Supplied data>
──────────────────────────────

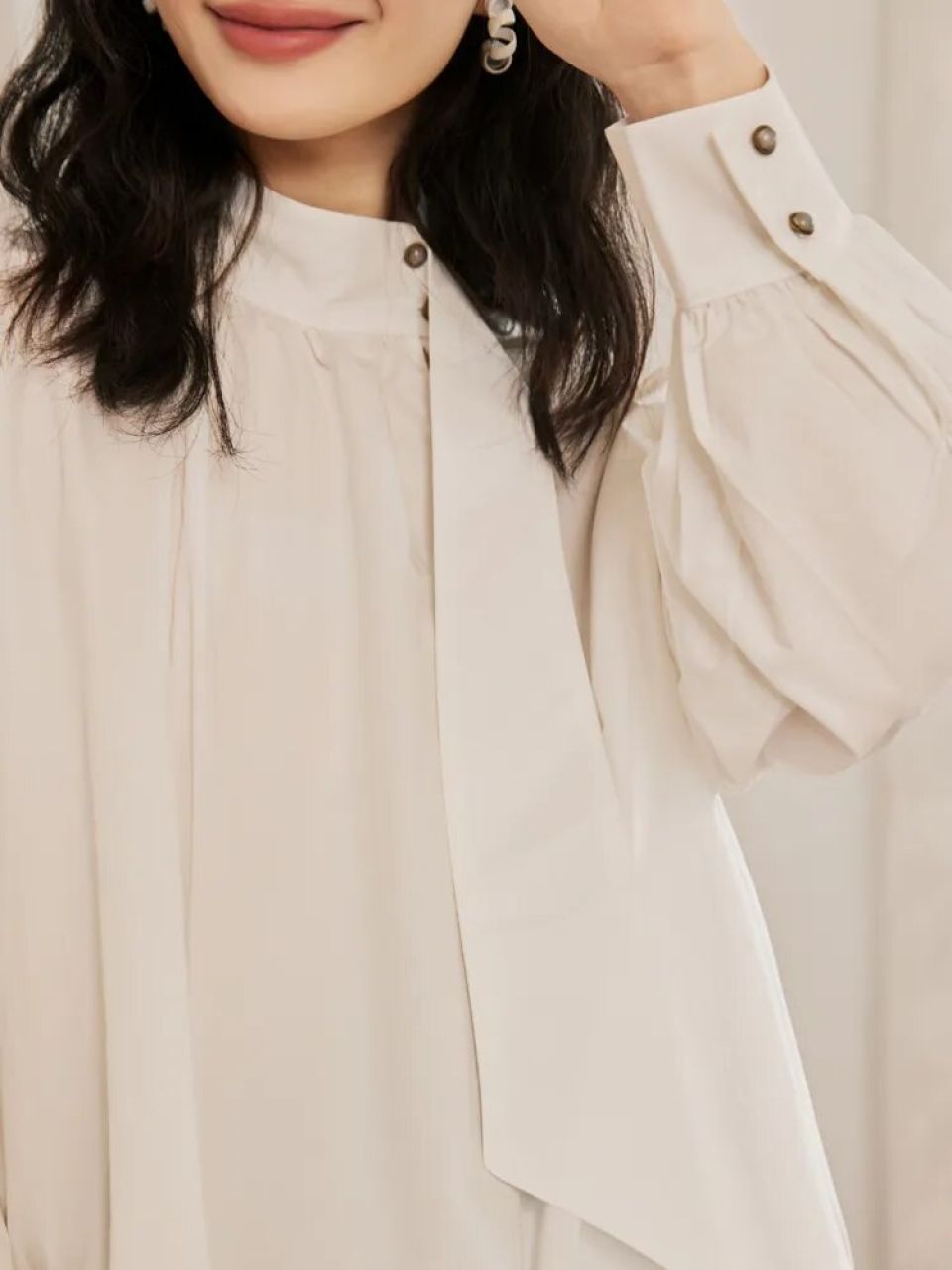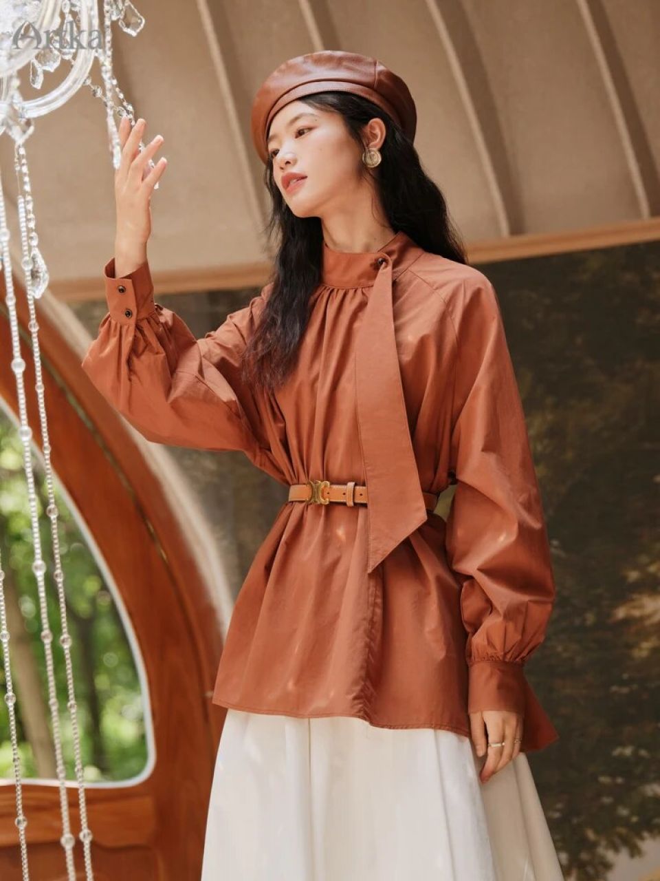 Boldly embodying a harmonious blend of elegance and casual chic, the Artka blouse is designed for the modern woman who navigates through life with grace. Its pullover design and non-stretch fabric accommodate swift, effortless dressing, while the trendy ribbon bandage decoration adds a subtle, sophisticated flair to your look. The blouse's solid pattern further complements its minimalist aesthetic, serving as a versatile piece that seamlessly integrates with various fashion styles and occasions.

──────────────────────────────

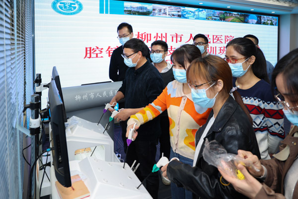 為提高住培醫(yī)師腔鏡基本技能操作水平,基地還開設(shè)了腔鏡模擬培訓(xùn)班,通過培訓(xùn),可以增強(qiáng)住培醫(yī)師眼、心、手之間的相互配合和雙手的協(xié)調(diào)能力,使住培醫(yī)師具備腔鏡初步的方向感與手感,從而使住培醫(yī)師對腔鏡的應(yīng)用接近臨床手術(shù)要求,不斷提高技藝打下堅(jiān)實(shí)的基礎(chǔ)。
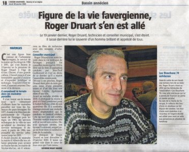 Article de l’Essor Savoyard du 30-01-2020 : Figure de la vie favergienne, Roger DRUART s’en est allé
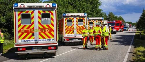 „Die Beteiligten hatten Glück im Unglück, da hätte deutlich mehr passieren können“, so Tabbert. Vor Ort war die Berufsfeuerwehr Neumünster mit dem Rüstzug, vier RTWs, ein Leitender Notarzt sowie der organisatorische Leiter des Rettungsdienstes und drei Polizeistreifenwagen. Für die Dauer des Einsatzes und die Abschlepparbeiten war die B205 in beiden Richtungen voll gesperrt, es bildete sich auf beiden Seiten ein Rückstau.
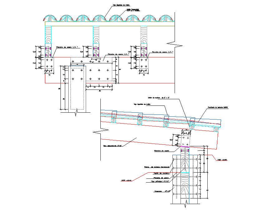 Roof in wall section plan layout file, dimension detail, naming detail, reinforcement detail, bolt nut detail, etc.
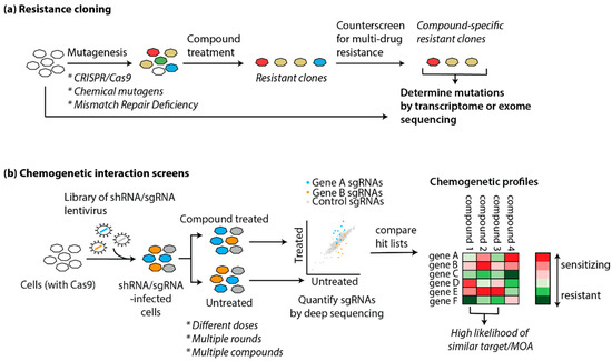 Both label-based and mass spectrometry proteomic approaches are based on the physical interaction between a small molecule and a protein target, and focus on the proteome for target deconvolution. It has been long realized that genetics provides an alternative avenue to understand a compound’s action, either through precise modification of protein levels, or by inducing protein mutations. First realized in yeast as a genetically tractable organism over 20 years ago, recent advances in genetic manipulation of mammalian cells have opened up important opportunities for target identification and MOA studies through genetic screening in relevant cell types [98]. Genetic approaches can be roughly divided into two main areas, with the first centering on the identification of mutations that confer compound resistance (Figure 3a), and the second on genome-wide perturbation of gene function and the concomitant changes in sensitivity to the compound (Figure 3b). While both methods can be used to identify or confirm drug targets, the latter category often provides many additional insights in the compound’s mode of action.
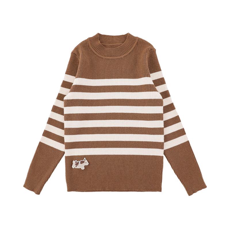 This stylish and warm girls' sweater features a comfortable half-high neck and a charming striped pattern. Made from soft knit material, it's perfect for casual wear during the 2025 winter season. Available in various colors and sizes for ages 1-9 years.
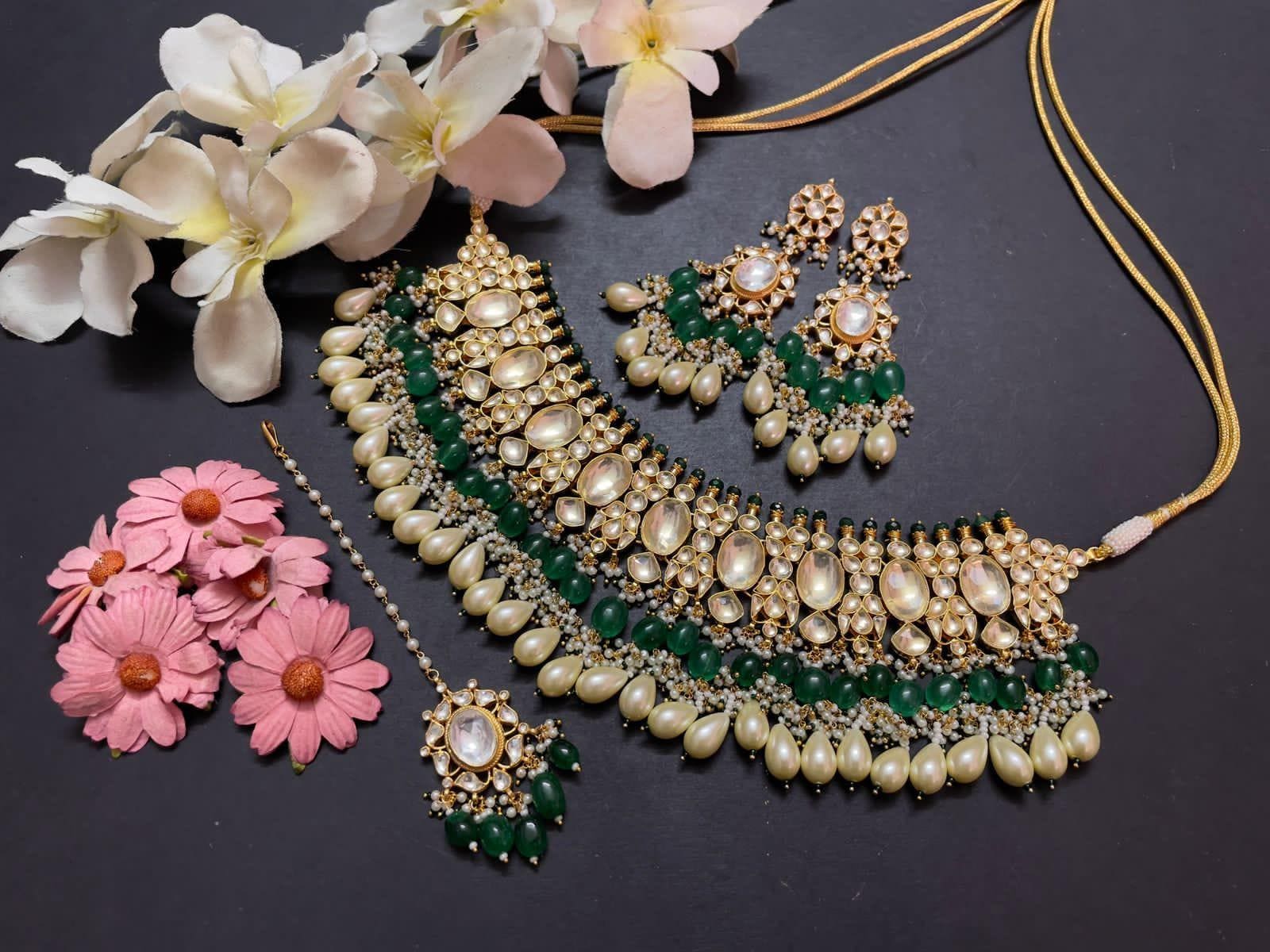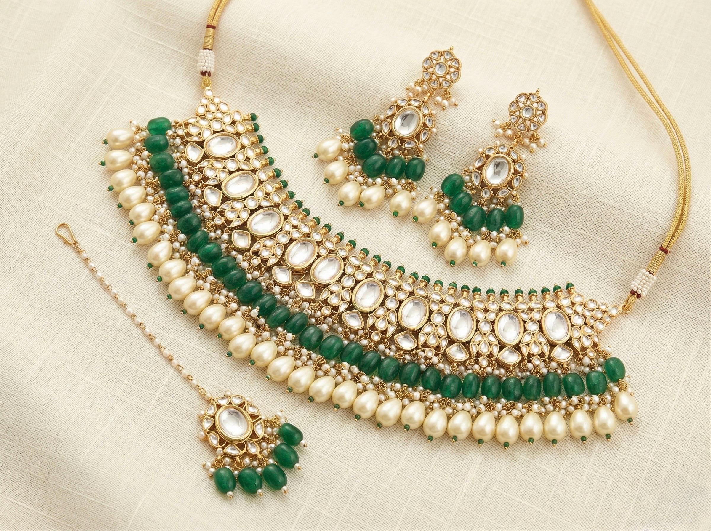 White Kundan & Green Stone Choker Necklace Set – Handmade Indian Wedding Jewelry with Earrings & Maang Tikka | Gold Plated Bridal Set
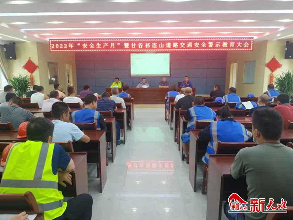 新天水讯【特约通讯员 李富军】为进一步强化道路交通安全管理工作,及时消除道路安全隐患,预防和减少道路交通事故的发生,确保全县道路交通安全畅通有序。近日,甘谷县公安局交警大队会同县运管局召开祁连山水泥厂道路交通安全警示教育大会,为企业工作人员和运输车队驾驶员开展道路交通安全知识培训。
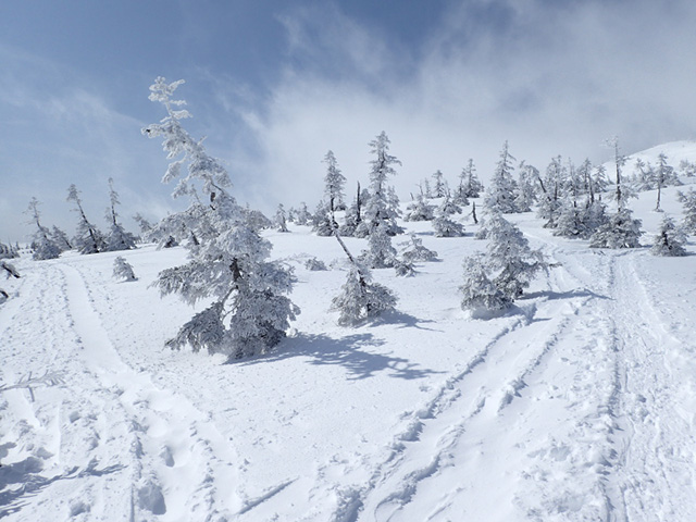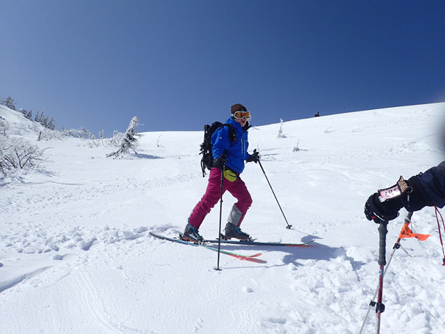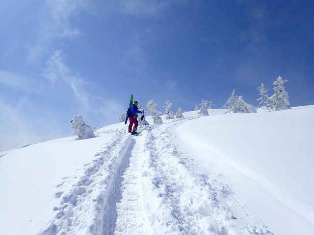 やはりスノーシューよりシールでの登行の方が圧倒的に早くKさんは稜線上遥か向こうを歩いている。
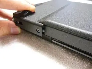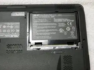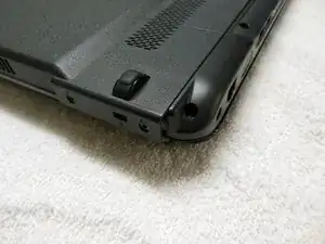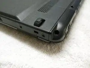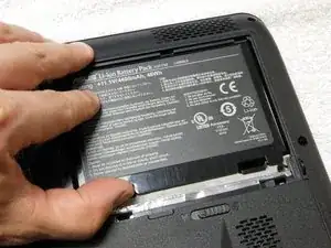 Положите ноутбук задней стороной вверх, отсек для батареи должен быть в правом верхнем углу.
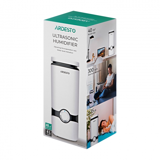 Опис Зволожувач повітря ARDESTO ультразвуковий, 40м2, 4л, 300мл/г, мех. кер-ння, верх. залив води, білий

──────────────────────────────

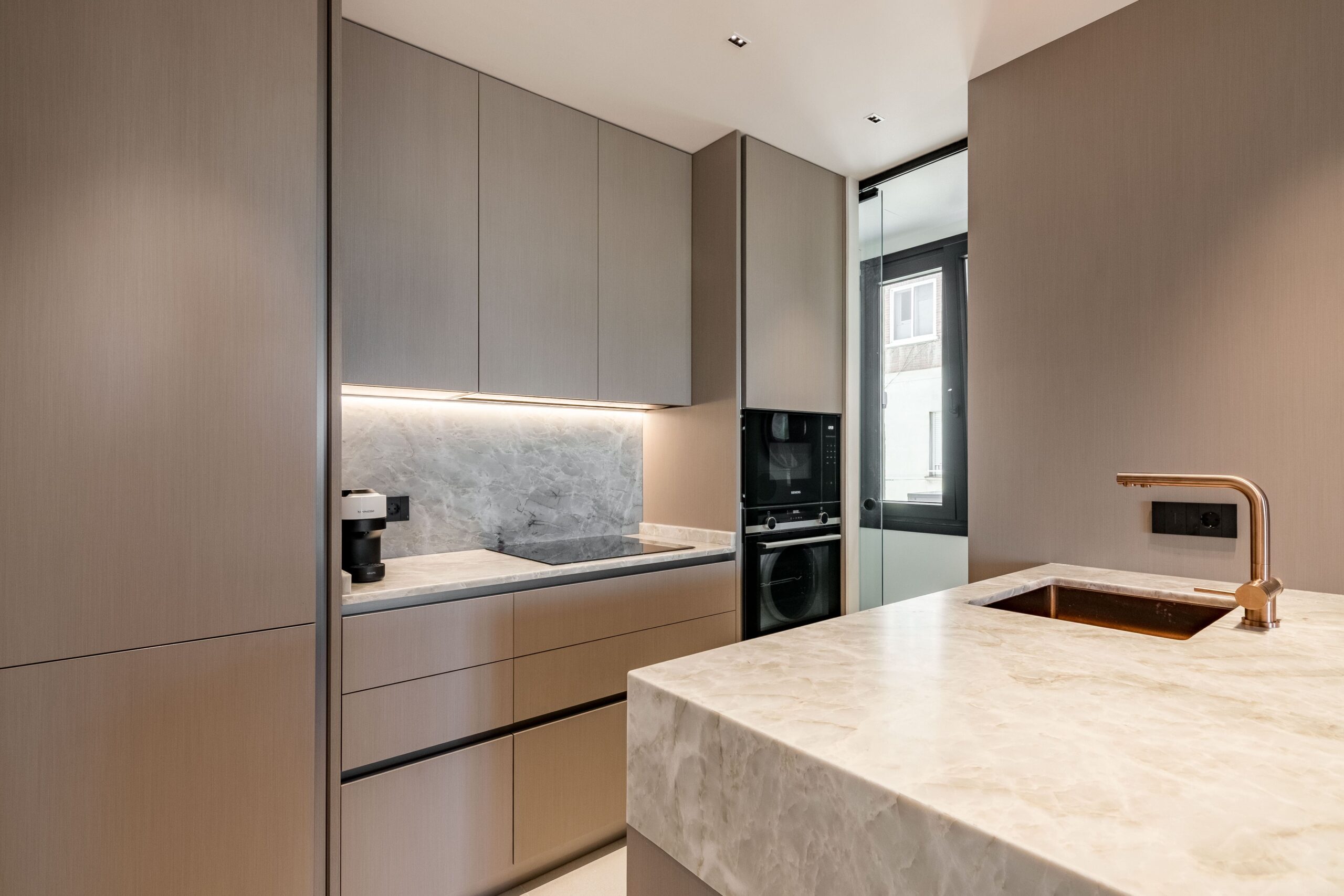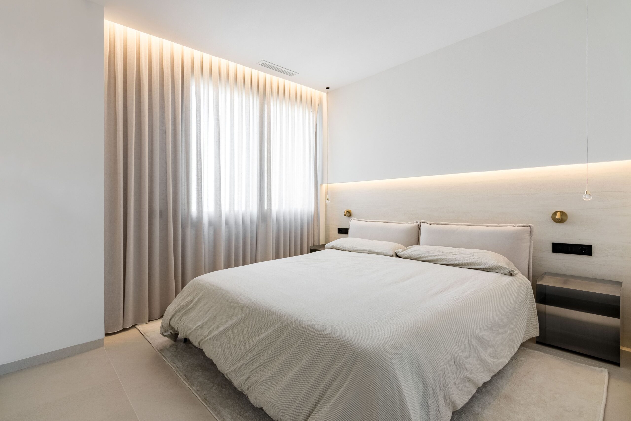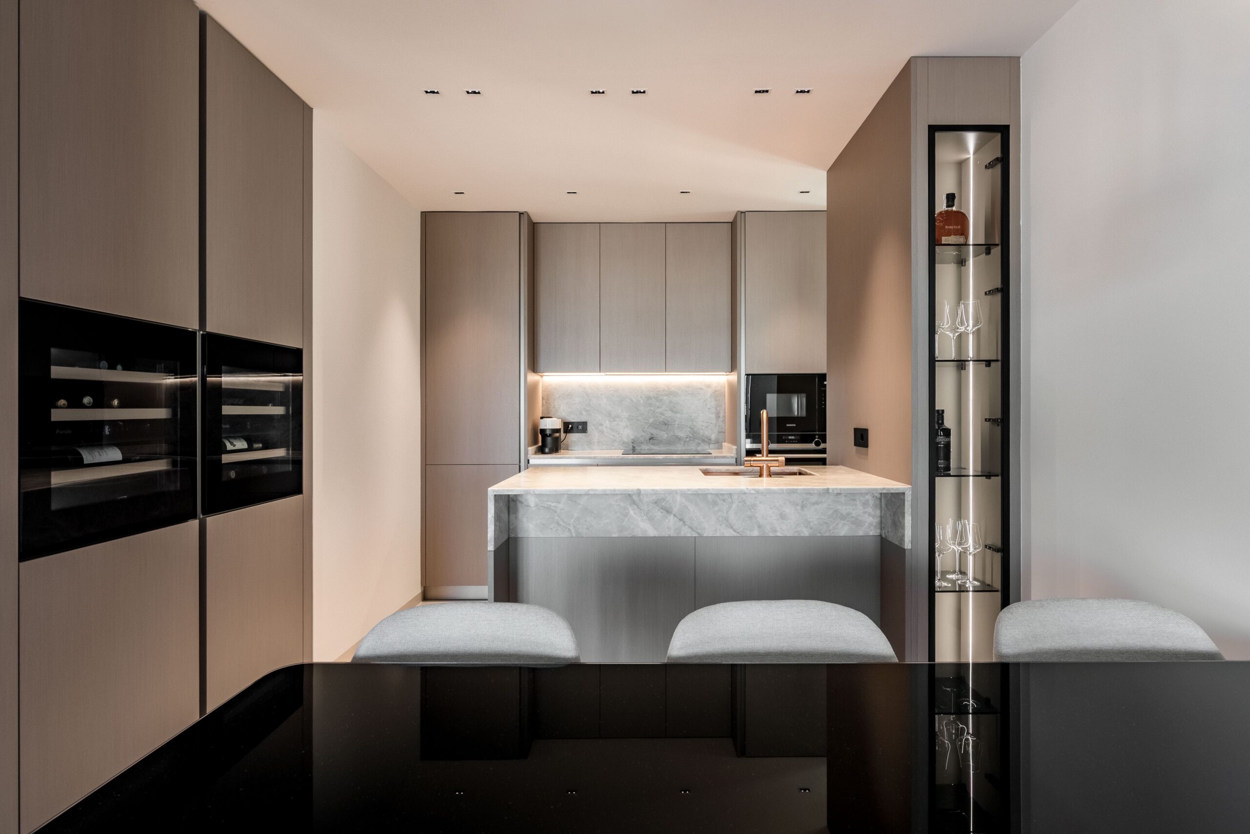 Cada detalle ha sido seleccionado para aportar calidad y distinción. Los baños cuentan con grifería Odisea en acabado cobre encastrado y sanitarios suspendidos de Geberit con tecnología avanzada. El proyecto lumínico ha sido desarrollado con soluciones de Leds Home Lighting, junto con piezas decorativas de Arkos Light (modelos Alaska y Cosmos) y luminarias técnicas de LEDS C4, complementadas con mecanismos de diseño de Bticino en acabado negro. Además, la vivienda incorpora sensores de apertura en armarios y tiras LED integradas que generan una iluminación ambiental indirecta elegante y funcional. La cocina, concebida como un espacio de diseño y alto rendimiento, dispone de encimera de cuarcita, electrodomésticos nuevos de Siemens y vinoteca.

──────────────────────────────

Task details> Write back the stretch of lines above that begins with the line holding "Seiten ein Rückstau." and ends with the line holding "Roof in wall", both included, exactly as written. Pictures stay out.

Result of the exercise>
 „Die Beteiligten hatten Glück im Unglück, da hätte deutlich mehr passieren können“, so Tabbert. Vor Ort war die Berufsfeuerwehr Neumünster mit dem Rüstzug, vier RTWs, ein Leitender Notarzt sowie der organisatorische Leiter des Rettungsdienstes und drei Polizeistreifenwagen. Für die Dauer des Einsatzes und die Abschlepparbeiten war die B205 in beiden Richtungen voll gesperrt, es bildete sich auf beiden Seiten ein Rückstau.
 Roof in wall section plan layout file, dimension detail, naming detail, reinforcement detail, bolt nut detail, etc.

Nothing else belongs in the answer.